In Figure 5, we present the state level CLI trends by northern and southern states. For the ease of presentation, we include Gujarat and Maharashtra as northern and southern states, respectively, because of their relative geographic position, although they lie in western India strictly speaking. We observe that while the 7-day moving average CLI trends for southern states remain steady at relatively low levels, CLI trends in the northern states keep increasing post wave-2 which contributes majorly to the overall national CLI. There are two questions at play here – 1) Why do we see a persistence of trend in the CLI estimates at national level when daily COVID-19 cases have fallen? 2) Why do the northern and southern states exhibit different trends in CLI post wave-2?

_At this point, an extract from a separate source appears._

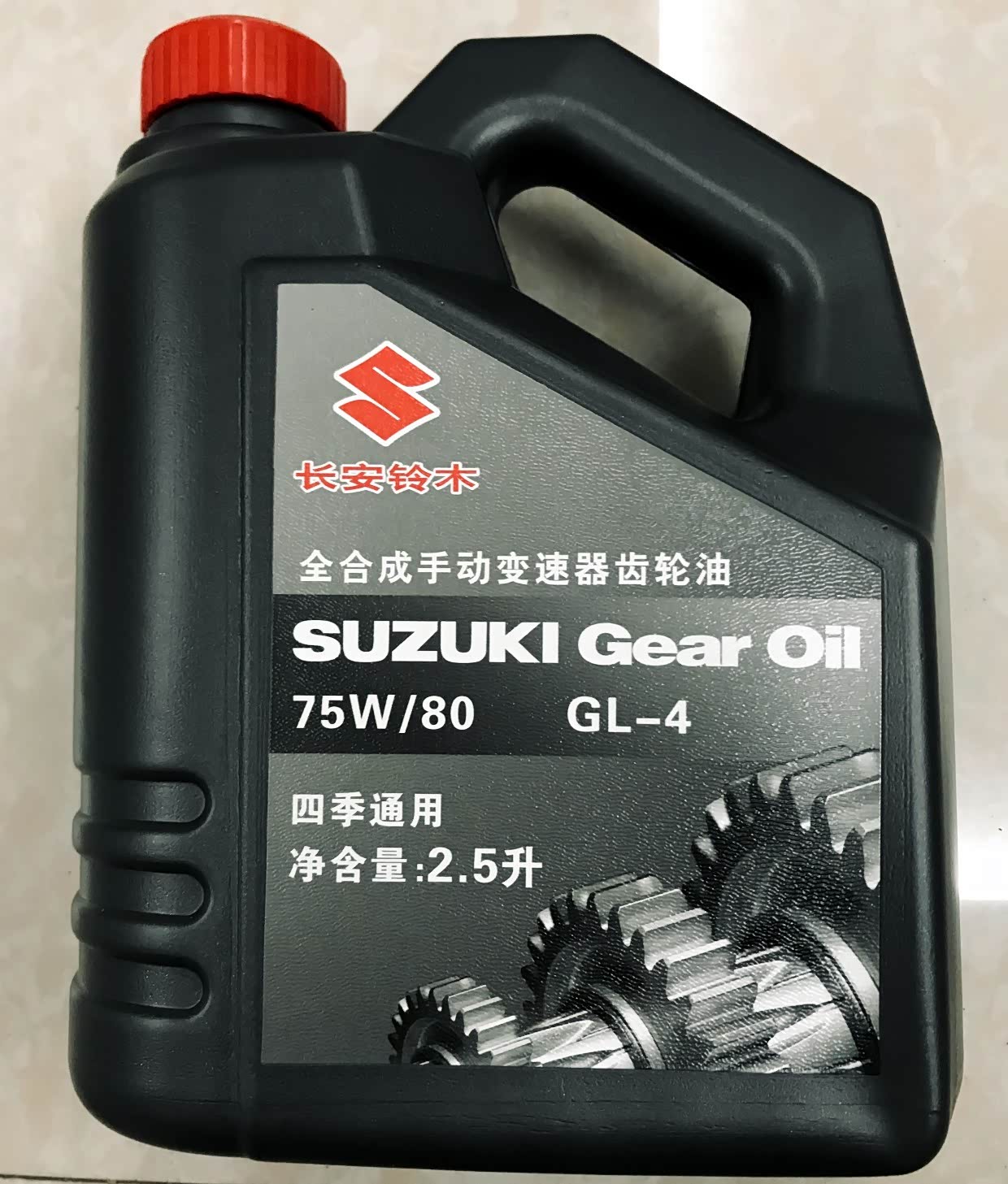 长安铃木全合成齿轮油粘度75W80,规格GL-4,容量2.5升,基础指标都很适合。

Figure 5: Reported CLI based on CTIS India data – Selected Indian States
One potential hypothesis is the confounding of symptoms between COVID-19 and seasonal flu. Although the symptoms of COVID-19 are similar to those of the seasonal flu, including fever, cough, sore throat, chest pains, and fatigue, the addition of anosmia and dysgeusia, the loss of smell and taste have been shown to be an important indicator of whether an individual has been affected with COVID-19¹. Whether the respondents have had anosmia in 24 hours prior to the interview is one of the symptoms questions asked in the CTIS. In Figure 6, we plot the 7-day moving average of the percentage of respondents who have reported anosmia as a symptom in the selected states and by place of residence. Similar to CLI trends, we see a major divergence in the trends of anosmia by northern and southern states. Decomposition of trend in reported anosmia by place of residence also shows that the increase in reporting post wave-2 has occurred mostly in the village or rural areas.

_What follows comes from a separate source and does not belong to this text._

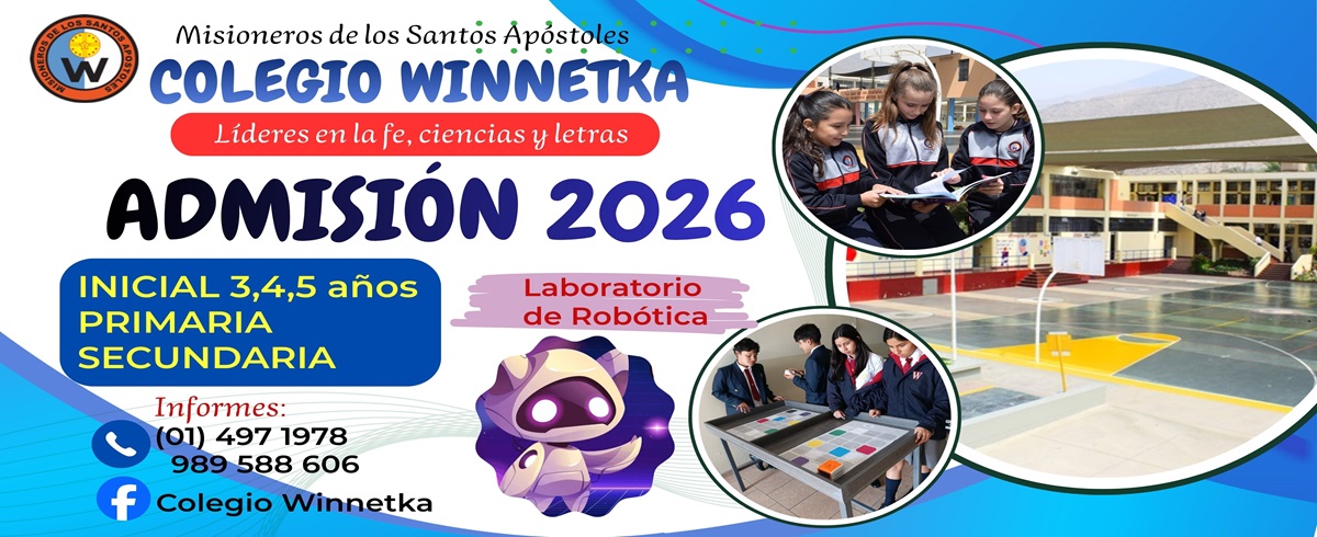 Día de las eleccionesPresentamos la oferta educativa de nuestro Colegio WINNETKA, son 72 años de servicio a los niñ@s, adolescentes y jóvenes de la localidad de Chaclacayo y alrededores. La presencia de la Congregación Religiosa de los Misioneros de los Santos Apóstoles, como los promotores de nuestra institución, nos permite desarrollar una identidad y un carisma de servicio basado en la práctica de los valores cristianos. ¡Ser winnetkino es dar lo mejor!

Figure 6: Reported anosmia based on CTIS India data – Selected Indian States and place of residence
Discussion
Early in the COVID-19 pandemic, there was a scarcity of timely information on regional increases in SARS-CoV-2 infections, people’s knowledge, attitudes and practices of COVID appropriate behaviours and the impact of the pandemic on people’s lives. The routine data collection efforts that existed at that time were too slow to meet the data demands for understanding and managing the pandemic¹³,²⁵,²⁶. In India, there were some nimble initiatives²⁷–³³ at the regional level to understand the social and economic effects of the pandemic, but those were not enough to compare the situation over space and time. In that context, alternative data sources like CTIS over a period that is long enough to cover the seemingly never-ending pandemic and across all states of India is a useful resource for research and policy making around the management of the pandemic. However, statistical validation of the representativeness of the sample or the lack of it and its impact on survey estimates is crucial and our paper contributes to that much needed evidence base.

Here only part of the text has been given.